Several design invariants enforce correctness for unattended runs:

  • Real diff over self-report: Supervisor._real_files_changed() uses git diff --name-only HEAD to measure actual file changes. The agent-reported files_changed field is only used as a fallback when git is unavailable. This prevents Codex from resetting the no-progress counter by lying about changes.
  • Verification-gated completion: When all tasks self-report done, the supervisor runs a final verification pass before declaring COMPLETED. If verification fails, the last task is reopened and the loop continues.
  • Verification output in prompt: The last failed verification's stdout/stderr (up to 1500 chars each) is injected into the next iteration's prompt under ## Last Verification Output (FAILED), giving Codex precise error context.
  • Verification timeout: VerificationConfig.timeout_seconds (default 300) is enforced per command via subprocess.run(timeout=...). Timed-out commands are recorded with timed_out: True and count as failures.
  • Iteration heartbeat thread: When heartbeat_path is provided, run_flow._run_supervisor_with_heartbeat() starts a daemon thread that writes the heartbeat every 60 seconds throughout supervisor.run(). This prevents the watchdog (stale threshold: 300 s) from misreading a long codex exec call (up to 1800 s) as a dead process.
  • Worktree persistence: worktree_path and worktree_branch are stored in state.json meta. Subsequent run_project() calls reuse the same worktree branch instead of creating a new one, preserving code changes across --retry-blocked cycles.
  • Transient error classification: Supervisor._is_transient_runner_error() detects network timeouts, rate limits, and kill signals. Transient errors get backoff-and-retry without incrementing consecutive_runner_failures or consecutive_task_failures.
  • Task-level circuit breaker: When a single task fails max_consecutive_task_failures times (default 5) consecutively, it is marked blocked and the loop continues to the next task instead of halting the entire run.
  • Task dependencies: Task markdown files can declare <!-- depends_on: 001-foo, 002-bar --> (HTML comment anywhere) or depends_on: in YAML frontmatter. _select_task() skips any task whose dependencies are not yet done.

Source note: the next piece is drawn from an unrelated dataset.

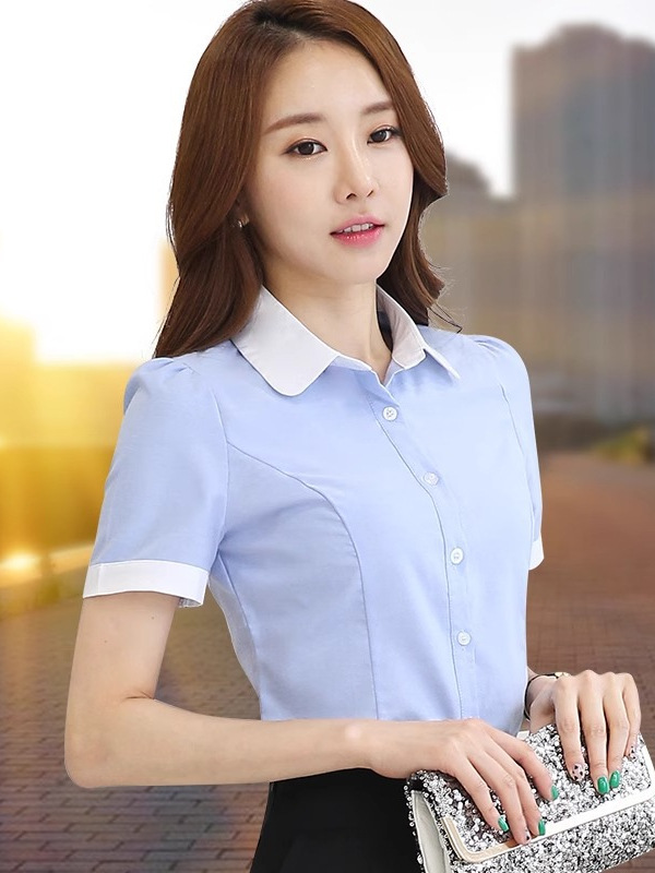 Главная страница > Синяя рубашка женская рубашка с короткими рукавами профессиональная одежда темперамент рабочая одежда

New config fields (added after initial release)

  • execution.max_consecutive_task_failures (default 5): task-level circuit breaker threshold. When a single task fails this many times consecutively (runner or verification failures), it is marked blocked and skipped; the next pending task is promoted to ready and the loop continues.
  • execution.max_consecutive_task_failures = 0: disables the task-level circuit breaker.
  • verification.timeout_seconds (default 300): per-command timeout for verification commands. Timed-out commands are recorded with timed_out: true and count as failures.

Skill

skills/codex-loop/SKILL.md is a Codex skill definition. Reference docs are in skills/codex-loop/references/. This is separate from the Python implementation and describes when/how Codex itself should invoke codex-loop.